How does one professionally trade the vol surface assuming they have direct market access to several exchanges (we're talking paying port/session fees) with latencies in sub millisecond and book data for both underlying AND contract series. I'm just curious as to what general concepts are used and how much revenue one can make doing this on US equities and the S&P 500 product suite.
I'd love to hear how you can set that up as a Customer or Pro-Customer with those latencies. I don't expect that is possible even as a Member/MM without a very expensive hosted setup.
Not possible... trading vol surface is basically a MM strategy, where they buy the cheap outliers and sell the expensive outliers. Risk is mitigated by having positions and trading across the board. So unless you have very good fee structure including decent lending facilities, and can compete on speed with all other MM's and hedgefunds that have algo's constantly watching the entire surface... it's not going to be work... especially on S&P500, which is probably the most liquid and efficient market on the planet. You might get away with illiquid stocks and options, but then you have to accept a greater risk, since that lack of liquidity also means you can't build up and reduce your options book at anytime.

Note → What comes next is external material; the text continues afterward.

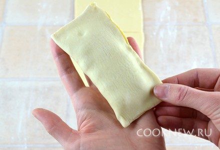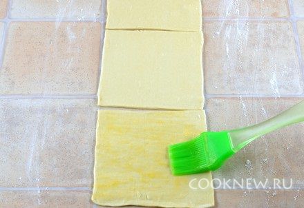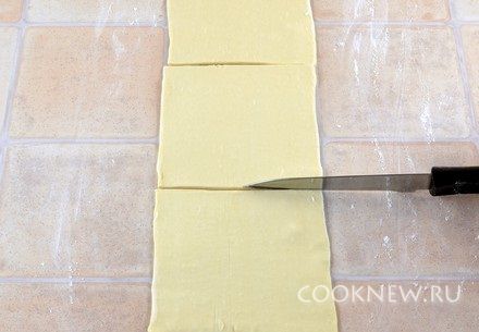 Рабочую поверхность немного посыпать мукой. Раскатать тесто в длину до 2-3 мм по толщине (раскатывать в одном направлении). Порезать на квадраты со стороной 10 см.

see if you can get a trial of Orc Trader or Option City metro (for example) and see what it is they allow you to do. Then do that...(which is probably pretty much in line with JackRab's suggestion)
I have a pretty extensive spreadsheet system that plots spread revenue against position delta (as, mostly, vol differences are *way* too fuzzy). That system directs me to -- guess what! -- sell high (vol) and buy low (vol). This is sub-hour stuff, mostly. Sometimes sub-day. A boat needs water to be a boat, and don't behave so well in froth. In an ocean of nickels (and sometimes, quarters and fiddy-cents), worrying about sub-pennies' spray won't get you to shore. [sorry. I had a twisted youth.]
Basically anything that's not according to your vol surface... bigger deviations are better of course.